> [What this task involves]: Return nothing but the lines from the line containing "这是 Reddit 论坛的一篇热帖,是一位开发者的控诉和求助,他耗费了数年心血和积蓄开发的游戏,因使用了" through the last line of the records, reproduced exactly.

### Available data

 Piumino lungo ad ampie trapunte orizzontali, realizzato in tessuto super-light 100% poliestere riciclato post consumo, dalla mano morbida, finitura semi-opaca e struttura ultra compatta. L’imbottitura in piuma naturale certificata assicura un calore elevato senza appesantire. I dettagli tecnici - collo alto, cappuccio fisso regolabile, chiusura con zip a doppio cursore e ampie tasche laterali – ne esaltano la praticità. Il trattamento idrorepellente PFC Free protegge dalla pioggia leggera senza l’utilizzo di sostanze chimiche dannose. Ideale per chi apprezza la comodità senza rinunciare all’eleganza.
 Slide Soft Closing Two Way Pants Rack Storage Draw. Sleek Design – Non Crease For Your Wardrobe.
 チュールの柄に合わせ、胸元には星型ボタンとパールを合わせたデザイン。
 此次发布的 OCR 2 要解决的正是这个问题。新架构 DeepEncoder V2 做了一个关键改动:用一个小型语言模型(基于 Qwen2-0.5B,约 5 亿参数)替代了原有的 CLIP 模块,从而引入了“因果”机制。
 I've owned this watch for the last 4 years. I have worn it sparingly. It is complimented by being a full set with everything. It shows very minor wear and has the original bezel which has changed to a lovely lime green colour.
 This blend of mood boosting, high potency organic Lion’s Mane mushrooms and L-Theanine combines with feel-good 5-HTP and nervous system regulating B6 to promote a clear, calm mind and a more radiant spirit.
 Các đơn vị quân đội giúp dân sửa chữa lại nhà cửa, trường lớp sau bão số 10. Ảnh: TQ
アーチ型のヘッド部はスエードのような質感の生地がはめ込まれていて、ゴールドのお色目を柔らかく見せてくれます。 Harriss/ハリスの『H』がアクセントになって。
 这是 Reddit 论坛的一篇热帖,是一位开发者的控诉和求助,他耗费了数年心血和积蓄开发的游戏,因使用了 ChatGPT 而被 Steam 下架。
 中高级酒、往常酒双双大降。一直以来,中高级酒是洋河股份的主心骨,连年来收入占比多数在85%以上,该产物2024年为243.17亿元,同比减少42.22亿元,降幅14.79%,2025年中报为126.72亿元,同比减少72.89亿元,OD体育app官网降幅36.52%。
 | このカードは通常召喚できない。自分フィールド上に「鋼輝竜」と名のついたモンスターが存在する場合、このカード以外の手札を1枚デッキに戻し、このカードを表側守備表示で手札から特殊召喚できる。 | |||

######

> [Exercise solution]:
 这是 Reddit 论坛的一篇热帖,是一位开发者的控诉和求助,他耗费了数年心血和积蓄开发的游戏,因使用了 ChatGPT 而被 Steam 下架。
 中高级酒、往常酒双双大降。一直以来,中高级酒是洋河股份的主心骨,连年来收入占比多数在85%以上,该产物2024年为243.17亿元,同比减少42.22亿元,降幅14.79%,2025年中报为126.72亿元,同比减少72.89亿元,OD体育app官网降幅36.52%。
 | このカードは通常召喚できない。自分フィールド上に「鋼輝竜」と名のついたモンスターが存在する場合、このカード以外の手札を1枚デッキに戻し、このカードを表側守備表示で手札から特殊召喚できる。 | |||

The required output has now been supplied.